GaPFlow.Database#
- class GaPFlow.Database(md: Any, db: dict, num_extra_features: int = 1)#
Bases:
objectContainer for GP training datasets.
Handles dataset initialization, normalization, data addition, and optional dtool integration for persistent dataset storage.
- Parameters:
md (GaPFlow.md.MolecularDynamics) – An instance of the MD runner object. Adding a data point will lead to calling its run method.
db (dict) –
Configuration dictionary with keys:
'dtool_path': str, path where training data is stored and loaded from.'init_size': int, minimum dataset size.'init_width': float, relative sampling width.'init_method': str, name of the (quasi-)random initialization method (‘lhc’, ‘rand’, ‘sobol’).'init_seed': int, random seed for initialization.

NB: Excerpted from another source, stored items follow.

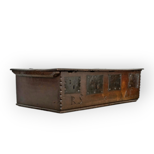 An Usual Quadruple-Lock Mid 17th-Century Charles II Period, English Antique Oak Boarded Box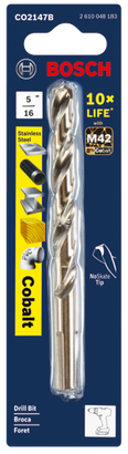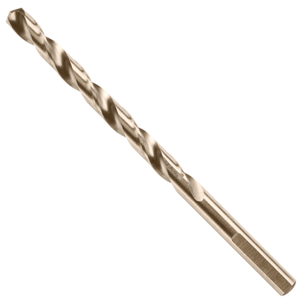- Broca de cobalto M42: brocas de longitud estándar hechas de cobalto M42 perfeccionado diseñadas para una mayor durabilidad, resistencia a altas temperaturas y con una superficie endurecida para acero inoxidable, hierro fundido, titanio, metales de calibre ligero y aluminio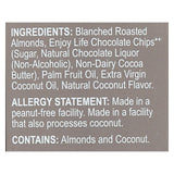 ingredients : blanched roasted almonds;enjoy life chocolate chips;sugar;natural chocolate liquor;non-alcoholic;non-dairy cocoa butter;palm fruit oil;extra virgin coconut oil;natural coconut flavor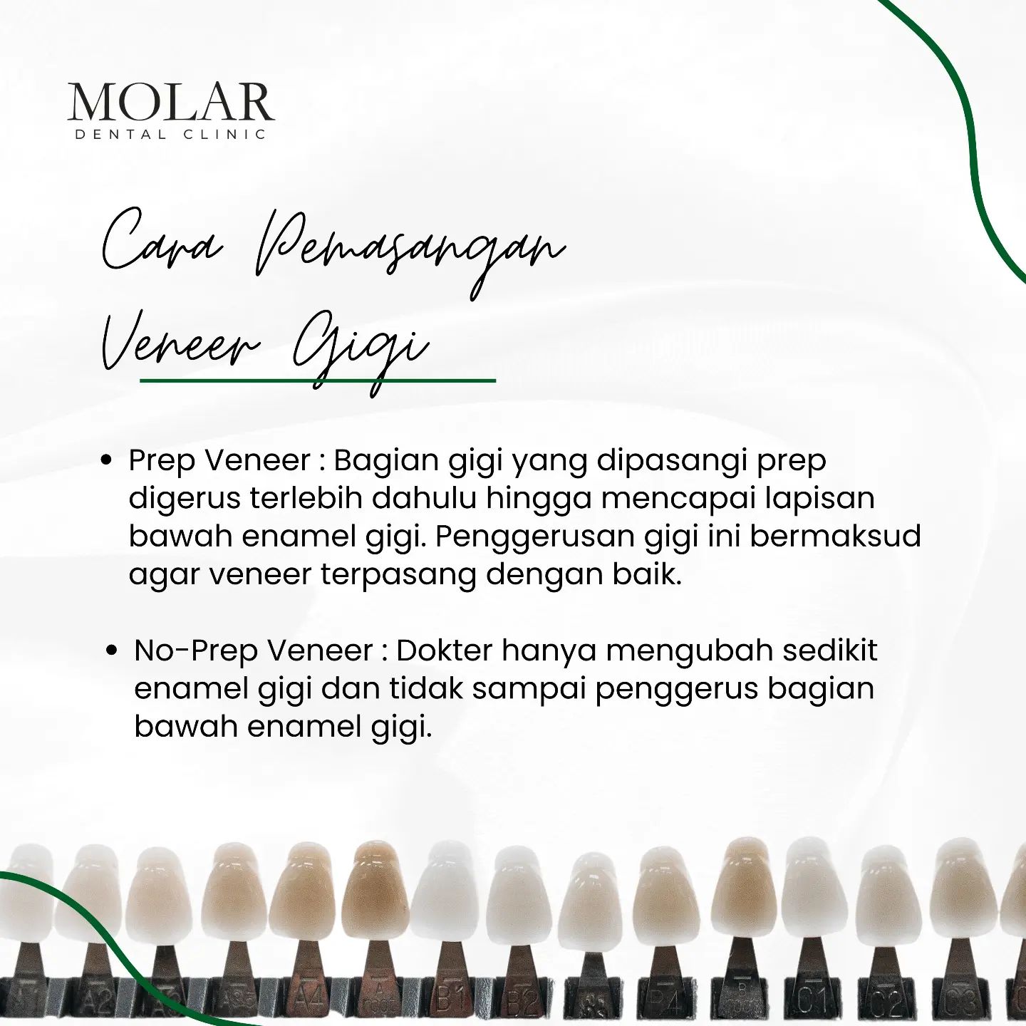 Molar Dental Clinic PIK sebagai klinik gigi utama PIK menawarkan layanan treatment veneer secara eksklusif untuk kamu yang memerlukan tampilan maksimal. Layanan oleh dokter gigi berpengalaman menjadikan konsultasi dan hasil terbaik dari treatment kamu. Pastikan pilihan kamu hari ini bersama klinik gigi terbaik.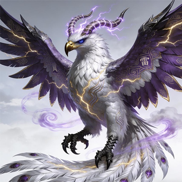 頭頂生雙角,纏繞紫電,金色長喙如鉤,尾羽修長華麗,綴著紫晶斑點,周身縈繞紫霧雷弧,氣勢懾人。

num_extra_features (int, number of additional features (next to solution, gap height + gradients)) – stored with the database (default is 1)
- __init__(md: Any, db: dict, num_extra_features: int = 1) None#
Methods
__init__(md, db[, num_extra_features])add_data(Xnew)Add new data entries to the database.
Get list of dtool README files for existing MD runs from a local directory.
Get list of dtool README files for existing MD runs from a remote data server (via dtool_lookup_api)
initialize(Xtest[, dim])Initialize database.
set_training_path(new_path[, check_temporary])Set training path.
write()Write the dataset arrays to disk (if the simulation output path is specified).
Attributes
Normalization constants for input features.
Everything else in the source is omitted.